Colorado Revised Statute § 10-3-1115 provides that an insurance carrier shall not unreasonably delay or deny payment of a claim for benefits owed to or behalf of any first-party claimant. The statute defines a “first-party claimant” as an:
[I]ndividual, corporation, association, partnership, or other legal entity asserting an entitlement to benefits owed directly to or on behalf of an insured under an insurance policy.
In the 2012 case of Kyle W. Larson Enterprises, Inc. v. Allstate, the Colorado Court of Appeals further clarified that a “first-party claimant” unambiguously includes a repair vendor, such as a roofer or contractor, that brings a claim against an insurer on behalf of its insured.1 The appeals court explained that it is in keeping with the legislative objective (preventing unfair and deceptive practices by insurance companies) to allow a repair vendor acting on behalf of the insured homeowner, to assert a claim for relief under Colorado Revised Statute § 10-3-1115 and Colorado Revised Statute § 10-3-1116.

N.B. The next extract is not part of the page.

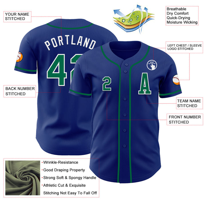 Custom Royal Kelly Green-White Authentic Baseball Jersey

More recently, Magistrate Judge Watanabe of the United States District Court of Colorado and Judge Russel of First Judicial District of Colorado cited Larson in denying insurance carriers motions to dismiss statutory bad faith claims of contractors pursuing benefits owed on behalf of an insured under an insurance policy.2
By defining a “first-party claimant” as a person or entity that asserts a claim on “behalf of” an insured, the Colorado legislature deliberately chose to expand the class of plaintiffs that may pursue a statutory bad faith claim. Colorado state and federal decisions have made it clear that the term “first-party claimant” unambiguously permits parties other than the insured, such as roofers and restoration contractors, to bring statutory bad faith claims on behalf of an insured. Repair vendors who have suffered through the consequences of an insurance company’s delay or denial now have the ability to assert a claim for statutory bad faith on behalf of the policyholder.
1 Kyle W. Larson Enterprises, Inc. v. Allstate Ins. Co., 305 P.3d 409, 411 (Colo. App. 2012).
2 Sable Cove Condominium Ass’n. and Edge Construction, LLC v. Owners Ins. Co., No. 14-cv-00912, 2014 WL 4398668 (D. Colo. Sept. 5, 2014); Ecoblast, LLC v. Country Mut. Ins. Co., 2016 WL 8938412 (Colo.Dist.Ct. Oct. 18, 2016).